What you are asked to do |
Answer with a bare number: the count of lines in the records below that have the word "found".

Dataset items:
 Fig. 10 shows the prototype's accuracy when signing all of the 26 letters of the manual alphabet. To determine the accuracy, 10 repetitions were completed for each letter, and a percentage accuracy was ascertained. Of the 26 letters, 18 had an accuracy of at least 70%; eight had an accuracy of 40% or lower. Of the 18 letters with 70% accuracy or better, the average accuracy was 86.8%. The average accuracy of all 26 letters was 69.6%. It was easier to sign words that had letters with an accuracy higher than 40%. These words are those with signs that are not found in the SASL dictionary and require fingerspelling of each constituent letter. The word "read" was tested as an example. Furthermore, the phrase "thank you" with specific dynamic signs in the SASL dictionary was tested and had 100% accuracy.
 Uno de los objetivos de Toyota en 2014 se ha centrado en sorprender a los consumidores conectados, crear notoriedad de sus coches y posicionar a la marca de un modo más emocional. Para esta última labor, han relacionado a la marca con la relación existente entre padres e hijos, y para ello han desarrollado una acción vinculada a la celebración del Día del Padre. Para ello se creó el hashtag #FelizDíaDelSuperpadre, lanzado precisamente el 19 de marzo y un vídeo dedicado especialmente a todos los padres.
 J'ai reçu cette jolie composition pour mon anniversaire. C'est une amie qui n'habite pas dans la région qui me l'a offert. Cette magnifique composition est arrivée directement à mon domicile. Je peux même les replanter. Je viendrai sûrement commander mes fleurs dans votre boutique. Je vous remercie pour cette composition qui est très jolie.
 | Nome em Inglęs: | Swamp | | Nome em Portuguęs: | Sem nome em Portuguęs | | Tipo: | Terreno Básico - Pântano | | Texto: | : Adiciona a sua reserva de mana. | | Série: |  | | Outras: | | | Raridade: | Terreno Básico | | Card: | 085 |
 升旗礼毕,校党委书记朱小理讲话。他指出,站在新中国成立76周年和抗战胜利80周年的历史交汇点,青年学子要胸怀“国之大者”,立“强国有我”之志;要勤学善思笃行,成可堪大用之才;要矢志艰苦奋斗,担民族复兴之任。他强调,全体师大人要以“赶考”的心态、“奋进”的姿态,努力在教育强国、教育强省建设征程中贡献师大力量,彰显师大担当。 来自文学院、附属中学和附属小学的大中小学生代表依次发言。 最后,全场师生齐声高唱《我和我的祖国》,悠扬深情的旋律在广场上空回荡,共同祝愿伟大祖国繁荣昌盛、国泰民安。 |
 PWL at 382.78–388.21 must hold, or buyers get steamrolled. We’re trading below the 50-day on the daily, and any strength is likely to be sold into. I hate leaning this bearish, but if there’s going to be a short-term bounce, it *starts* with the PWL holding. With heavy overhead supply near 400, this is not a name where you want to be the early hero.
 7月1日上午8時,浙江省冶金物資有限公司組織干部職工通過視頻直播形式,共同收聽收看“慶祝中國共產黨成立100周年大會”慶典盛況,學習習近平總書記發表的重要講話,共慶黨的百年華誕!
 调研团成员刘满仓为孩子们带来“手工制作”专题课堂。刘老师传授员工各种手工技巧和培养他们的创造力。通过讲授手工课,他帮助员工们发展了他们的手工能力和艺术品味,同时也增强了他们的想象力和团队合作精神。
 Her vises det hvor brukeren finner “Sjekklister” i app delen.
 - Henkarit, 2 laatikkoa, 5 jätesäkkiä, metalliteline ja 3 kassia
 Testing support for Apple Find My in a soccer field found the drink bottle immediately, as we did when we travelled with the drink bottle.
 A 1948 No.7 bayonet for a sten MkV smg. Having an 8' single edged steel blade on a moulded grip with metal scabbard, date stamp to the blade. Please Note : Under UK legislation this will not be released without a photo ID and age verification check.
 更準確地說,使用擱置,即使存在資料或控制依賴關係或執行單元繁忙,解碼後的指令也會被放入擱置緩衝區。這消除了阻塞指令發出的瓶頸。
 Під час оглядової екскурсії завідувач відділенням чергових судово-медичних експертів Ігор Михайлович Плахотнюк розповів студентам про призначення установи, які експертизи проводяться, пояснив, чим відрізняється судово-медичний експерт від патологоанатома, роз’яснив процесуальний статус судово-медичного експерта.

Response to this exercise |
2